Teacher at Point Blank answers this question at a time when concerns about school performance, safety, and teacher attrition are at an all-time and often anxious high. Meditating on subtle and overt forms of violence in secondary public education from an up-close and “pink collar” point of view, Jo Scott-Coe examines her own workplace as a microcosm of the national compulsory K-12 system, where teachers—now nearly 80% women—find themselves idealized and disparaged, expected to embody the dedication of parents, the coldness of data managers, and the obedience of Stepford spouses. Haunted and compelled forward by memories of a classmate who commits suicide on campus, a former teacher-colleague who dies all alone, Hollywood fantasies of the “ideal teacher,” and chronic reports of school violence and increasing gender crime, Scott-Coe reveals how her hopes, past and present, struggle for breath at the point blank of denial, confinement, addiction, isolation, hostility, subliminal eroticism—and, at times, a healthy dose of fear.

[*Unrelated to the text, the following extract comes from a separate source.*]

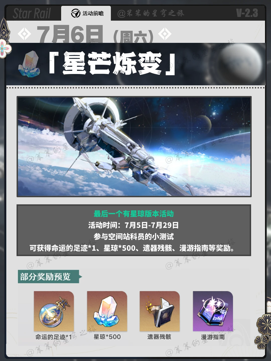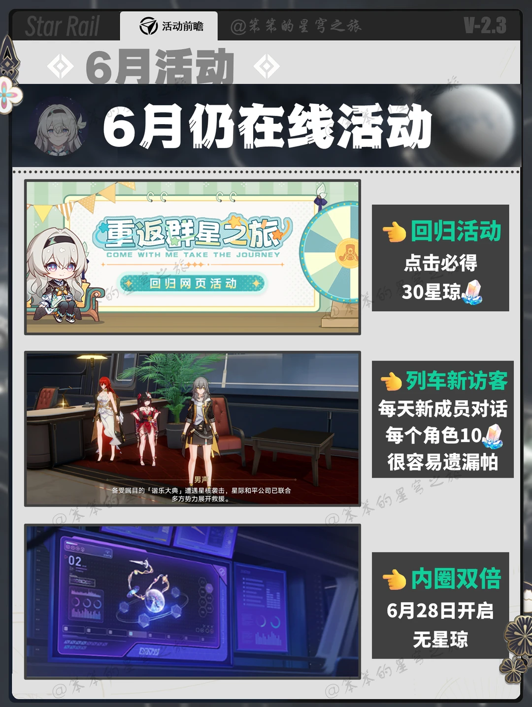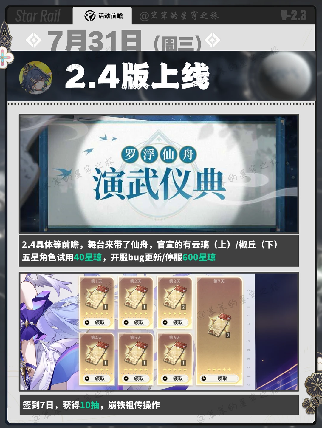 🐱大家好,我是笨笨的铲屎官 今天给大家带来的是7月的崩铁活动汇总 7月份是2.3版本的下半卡池 最大的信息就是翡翠会上线 7月的最后一天2.4会到来 目前2.4除了官宣的角色立绘外 其他内容还很少,等待前瞻直播 ------------------------------ 👉7月份你最期待什么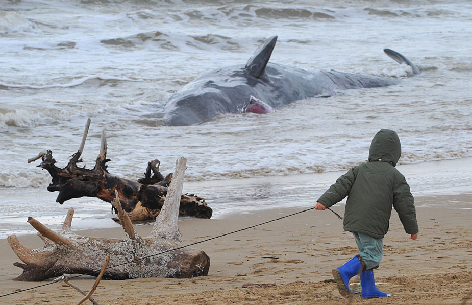 一群抹香鲸12月12日在意大利南部海滩搁浅,其中至少5头已经死亡。据称,这群抹香鲸共有9头,其中有2头经过救援已成功游回大海,目前相关人员对另外2头正在进行救援。图片来源:中国新闻网

Jo Scott Coe's very fine memoir of her teaching life is unlike anything I have read before. Her lean prose is unyielding to sentimentality and aspires always toward honesty about our lives as adults and as children. One is, here, in the presence of a writer who convinces us that teaching young lives is a constant and, sometimes, terrible journey of adult self-discovery.

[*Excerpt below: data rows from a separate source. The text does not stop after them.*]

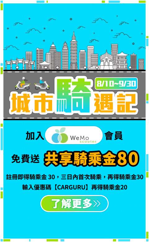 ▶輸入優惠碼【CARGURU】再得騎乘金20 🤑🤑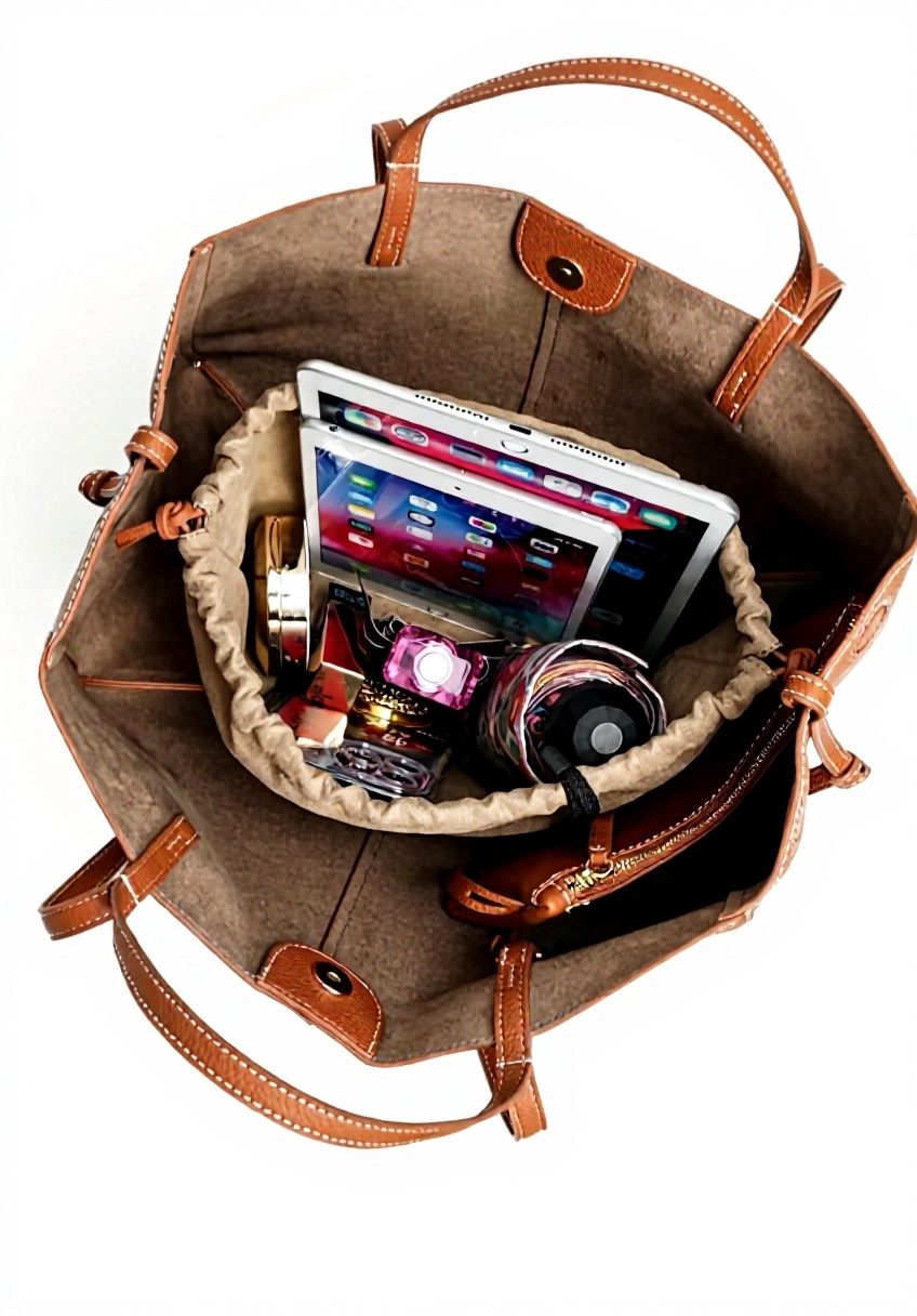 Le sac peut contenir un portefeuille, un téléphone portable, des écouteurs, une batterie externe, des lunettes et d’autres petits accessoires du quotidien.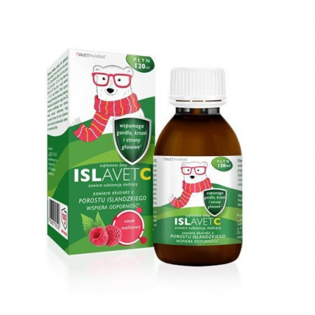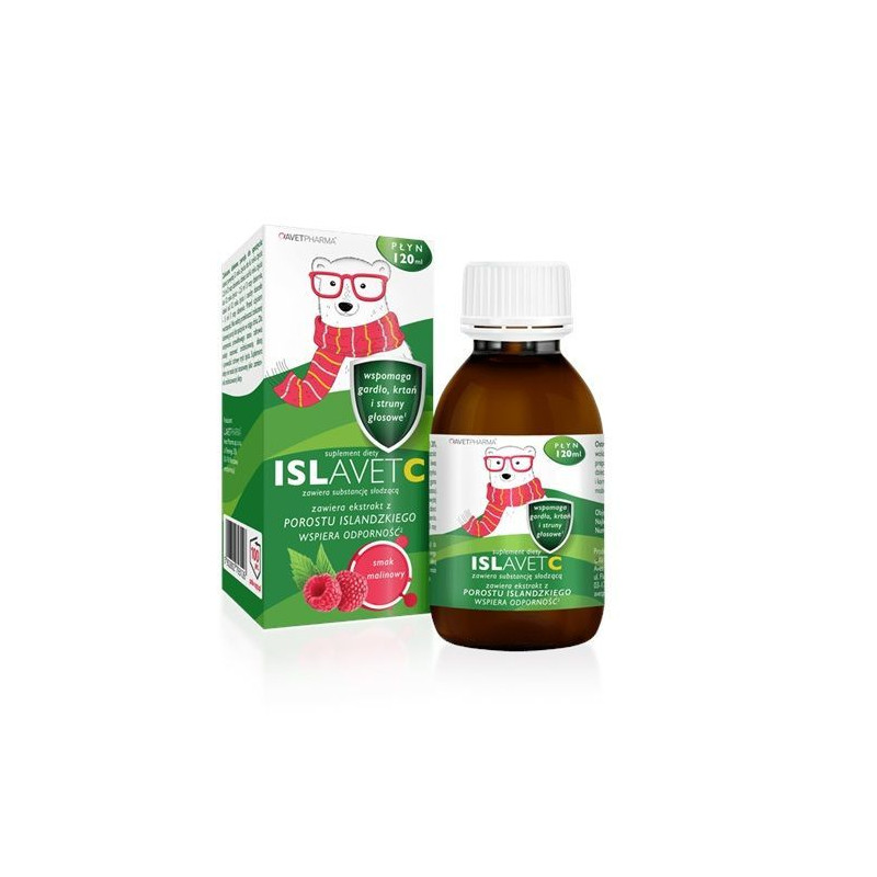 Avet Pharma Islavet C to suplement diety dla dzieci powyżej 3. roku życia i osób dorosłych wskazany do spożycia w celu dostarczenia składników wzmacniających naturalną odporność organizmu i wspomagających ochronę gardła, krtani i strun głosowych.

—Richard Rodriguez, author of Brown: The Last Discovery of America
This unique and daring book lifts the cheerful, can-do mask that hides the reality of what it means to be a teacher. In luminous prose, Jo Scott-Coe debunks the sentimentalized mystique, exposing the harsh reality of extreme expectations, isolation, and psychic disconnect that engulfs teachers' lives. Scott-Coe's truth is at once disturbing and emancipating.
—Susan Ohanian, author of Why Is Corporate America Bashing Our Public Schools?
Jo Scott-Coe writes with humor, insight, and a deep love for her subject. In many ways, she has become a voice for her generation and for teachers, too. Remarkable.